▶ **What this task involves**
Beginning with the top line of the listing below, give again every line up to and including the line with "2022 Best of"; pictures do not belong in the copy.

=== Section Start ===

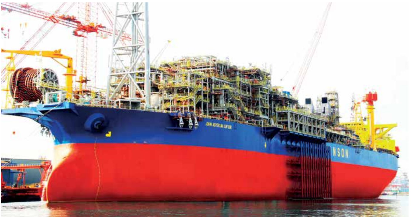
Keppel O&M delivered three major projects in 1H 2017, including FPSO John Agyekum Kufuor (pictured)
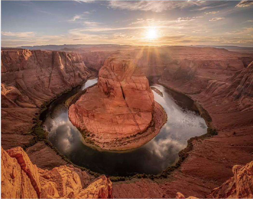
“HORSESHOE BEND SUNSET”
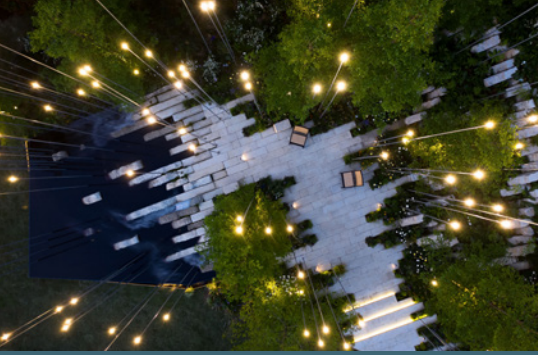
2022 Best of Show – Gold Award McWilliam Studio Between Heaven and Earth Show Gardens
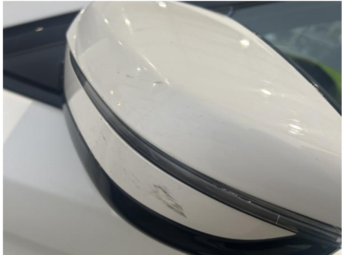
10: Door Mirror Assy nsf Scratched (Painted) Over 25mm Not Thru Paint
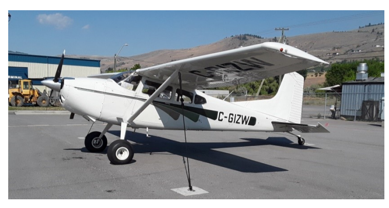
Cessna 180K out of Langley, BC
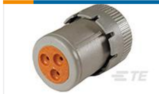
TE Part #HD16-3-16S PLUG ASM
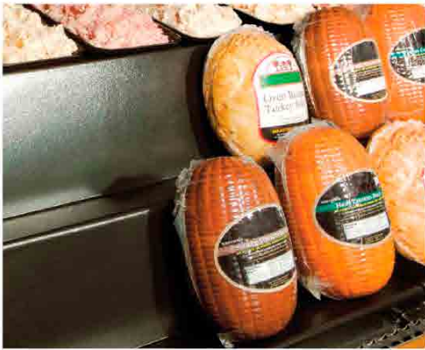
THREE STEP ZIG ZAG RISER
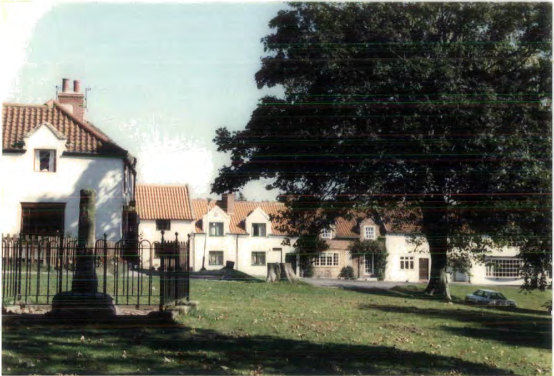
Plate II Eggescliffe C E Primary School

=== Section End ===

▶ **Answer section**
Keppel O&M delivered three major projects in 1H 2017, including FPSO John Agyekum Kufuor (pictured)
“HORSESHOE BEND SUNSET”
2022 Best of Show – Gold Award McWilliam Studio Between Heaven and Earth Show Gardens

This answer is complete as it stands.